*** Data for the task Section Begins ***

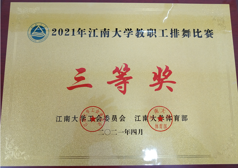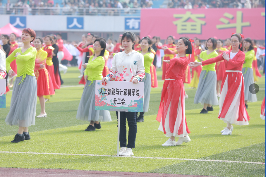 的老师们身着颜色鲜亮的红白色纱裙,在赛场上显得格外突出;老师们整齐划一的动作、标准有力的舞姿,赢得了在场师生的阵阵掌声,无人机的镜头下记录下老师们意气风发的精神风貌。最终排舞比赛,老师们获得三等奖的好成绩。
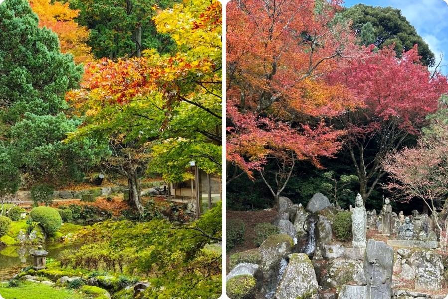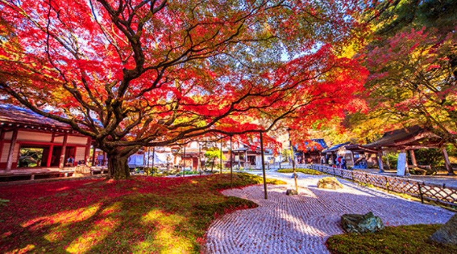 欣賞1300年歷史的古剎千如寺與紅葉形成鮮明對比的美麗景色。
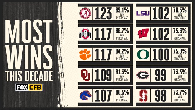 Alabama 1st All Time in Winning % and 2nd in all-time wins at 944 wins.
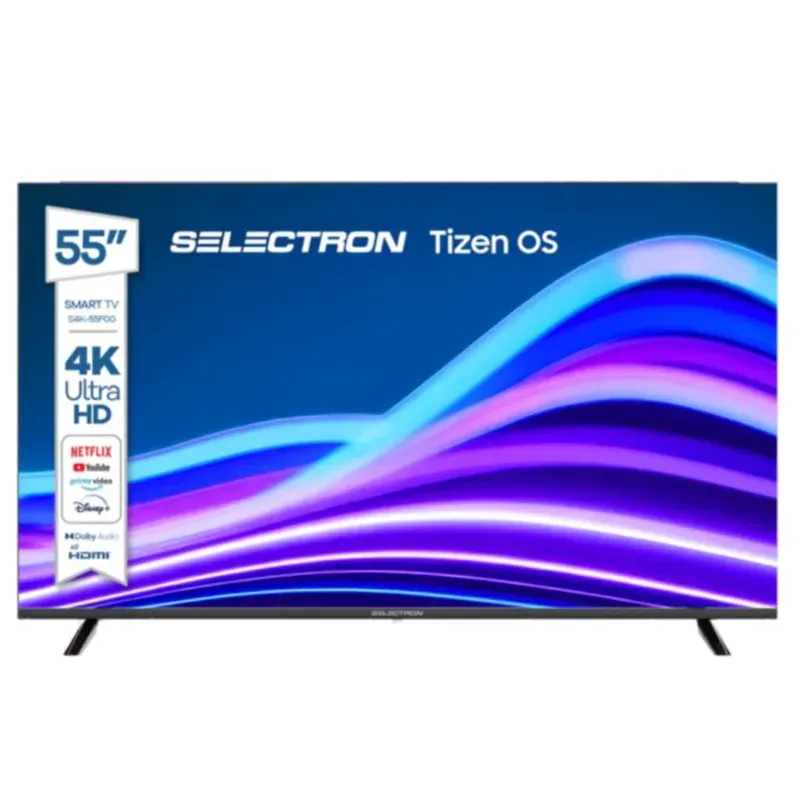 • Marca: SELECTRON • Modelo: S4K-55F00 • Pantalla LED de 55 pulgadas con resolución 4K Ultra HD (3840x2160) • Sistema operativo Tizen OS, intuitivo y eficiente, con acceso a una amplia gama de aplicaciones de entretenimiento. • Tasa de refresco de 60 Hz para imágenes fluidas. • Conectividad: 1 puerto HDMI, 1 puerto USB y sintonizador digital DVB-T. • Conectividad avanzada: incluye puertos HDMI, Bluetooth, Wi-Fi. • Sonido estéreo con dos altavoces de 10 W cada uno. • Garantía: 1 mes IMPORTANTE: Este Smart TV no cuenta con cajita HD interna
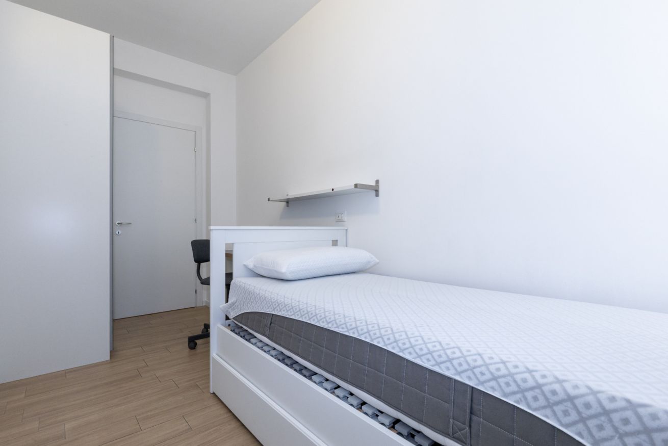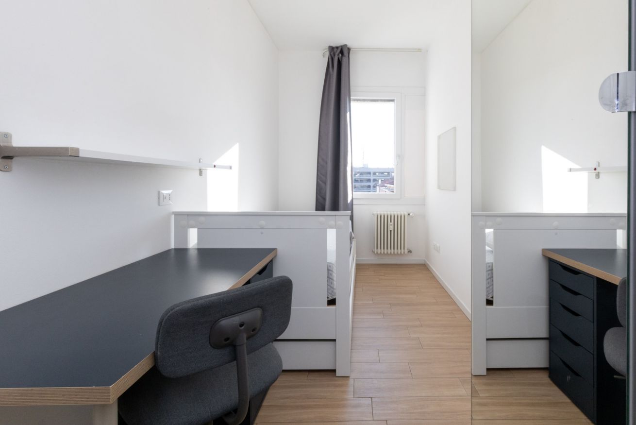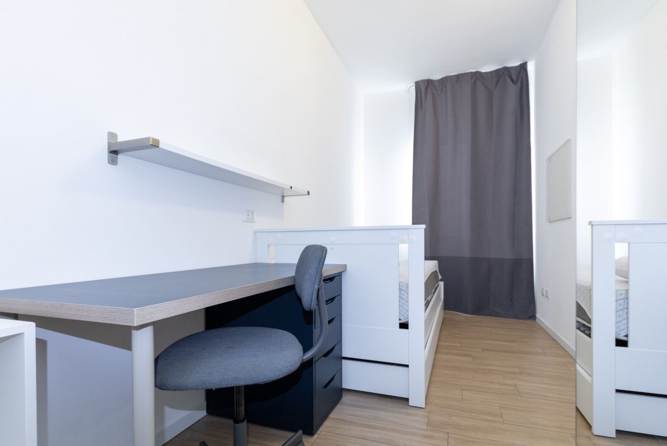 Camera Privata dotata di letto singolo (uso singola) completo di materasso e guanciale, armadio, comodino, scrivania e sedia per lo studio inserita in alloggio con altre 3 camere private e con le seguenti aree condivise: Soggiorno con angolo cottura, ripostiglio, terrazzino e 2 bagno.
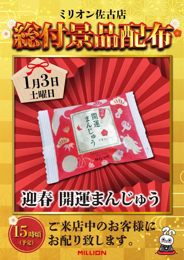 ミリオン佐古店です。本日1月6日は
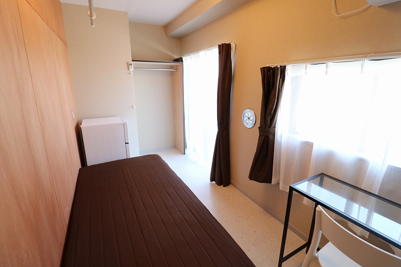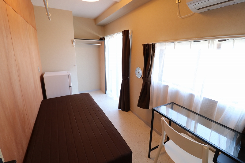 | 部屋設備 | ベッド、机、イス、照明器具、エアコン、冷蔵庫、カーテン、クローゼット |
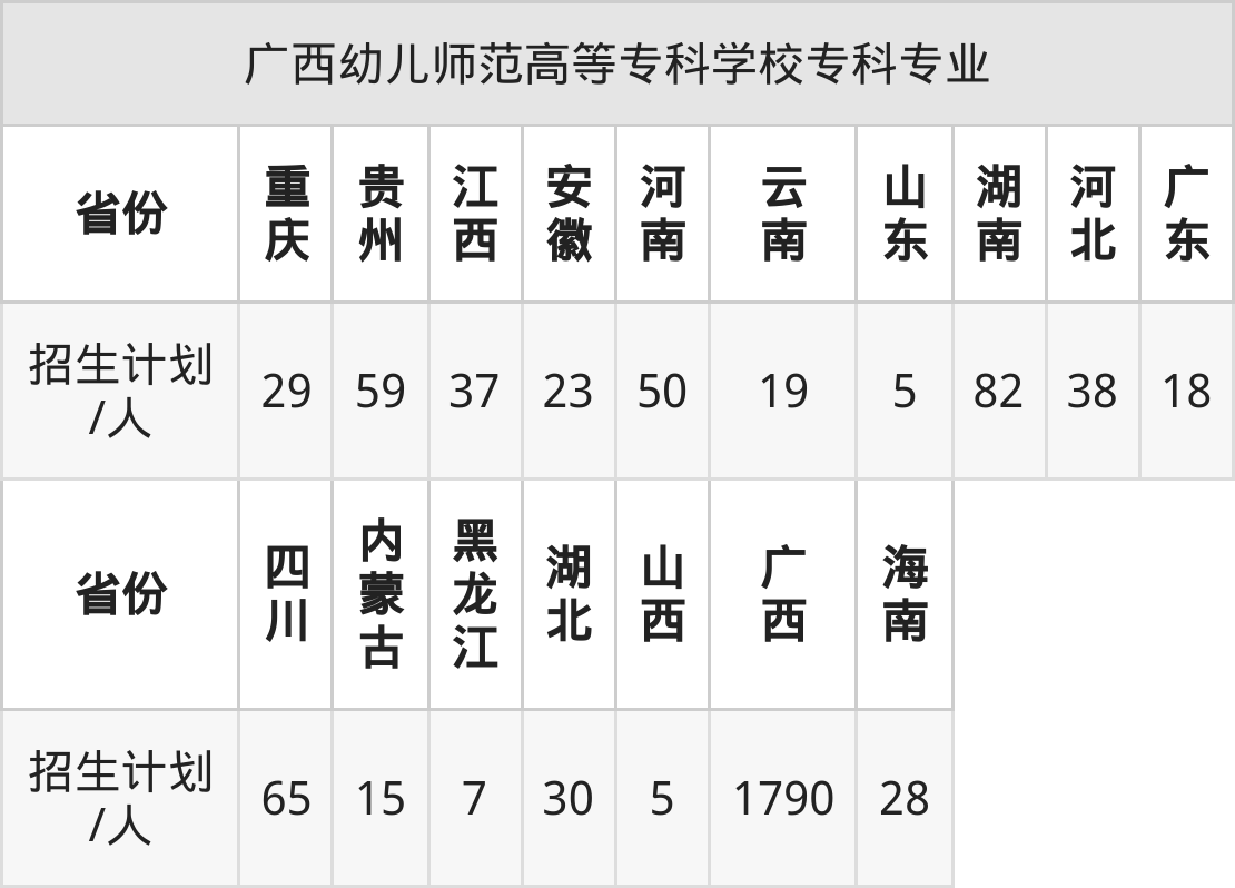 广西幼儿师范高等专科学校面向海南(28人)、贵州(59人)、江西(37人)、山东(5人)、四川(65人)、内蒙古(15人)、云南(19人)等17个地区开展专科招生。其中山东招生批次为二段,其余省份为专科批。
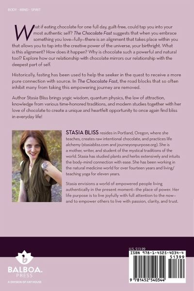What if eating chocolate for one full day, guilt-free, could tap you into your most authentic self? The Chocolate Fast suggests that when you embrace something you love-fully-there is an alignment that takes place within you that allows you to tap into the creative power of the universe, your birthright. What is this alignment? How does it happen? Why is chocolate such a powerful and natural tool? Explore how our relationship with chocolate mirrors our relationship with the deepest part of self. Historically, fasting has been used to help the seeker in the quest to receive a more pure connection with source. In The Chocolate Fast, the road blocks that so often inhibit many from taking this empowering journey are removed. Author Stasia Bliss brings yogic wisdom, quantum physics, the law of attraction, knowledge from various time-honored traditions, and modern studies together with her love of chocolate to create a unique and heartfelt opportunity to once again find bliss in everyday life!
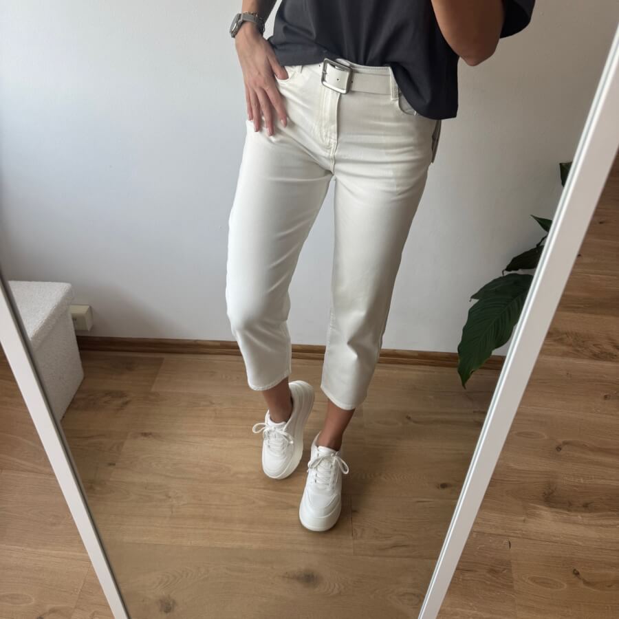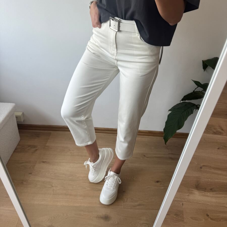 Jeansy baggy 7/8 – białe | Mimidave
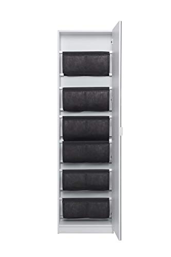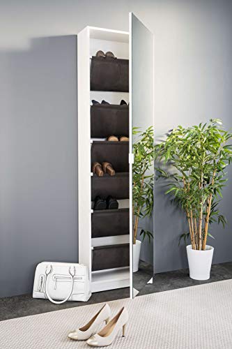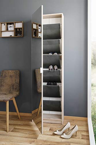 Armadio da ingresso con 1 anta specchiata, con 6 vani interni per riporre scarpe e stivali, dal design moderno e molto elegante. L’anta con specchio insieme con il colore bianco arricchisce ogni zona d’entrata e rende questo mobile molto facile da integrare nello stile di arredamento già presente. Grazie alle misure poco ingombranti è anche ideale per appartamenti meno spaziosi, corridoi o monolocali. I 6 scompartimenti per appendere ca.12 paia di scarpe, molto funzionali e salvaspazio.
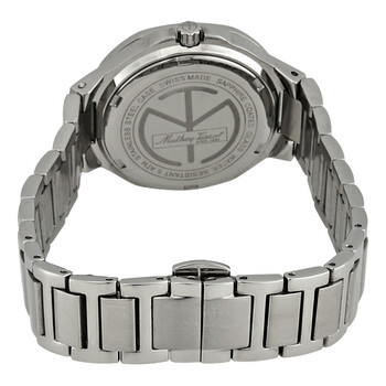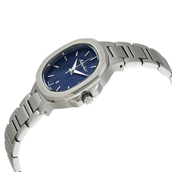 Stainless steel case with a stainless steel bracelet. Fixed stainless steel bezel. Blue dial with luminous silver-tone hands and index hour markers. Dial Type: Analog. Luminescent hands. Date display at the 5 o'clock position. Ronda caliber 585 quartz movement. Scratch resistant sapphire glass crystal. Pull / push crown. Solid case back. Cushion case shape. Case size: 32 mm. Case thickness: 8 mm. Band width: 16 mm. Push button clasp. Water resistant at 50 meters / 165 feet. Functions: date, hour, minute, second. Casual watch style. Watch label: Swiss Made. Mathey-Tissot Evasion Blue Dial Stainless Steel Ladies Watch D152ABU.

*** Data for the task Section Ends ***

## [Description of the task]
Each line above starting at the one holding "部屋設備 | ベッド、机、イス、照明器具、エアコン、冷蔵庫、カーテン、クローゼット |" and ending at the one holding "广西幼儿师范高等专科学校面向" should be set down exactly as it stands, both ends included, with no pictures.

## [Completed exercise]
 | 部屋設備 | ベッド、机、イス、照明器具、エアコン、冷蔵庫、カーテン、クローゼット |
 广西幼儿师范高等专科学校面向海南(28人)、贵州(59人)、江西(37人)、山东(5人)、四川(65人)、内蒙古(15人)、云南(19人)等17个地区开展专科招生。其中山东招生批次为二段,其余省份为专科批。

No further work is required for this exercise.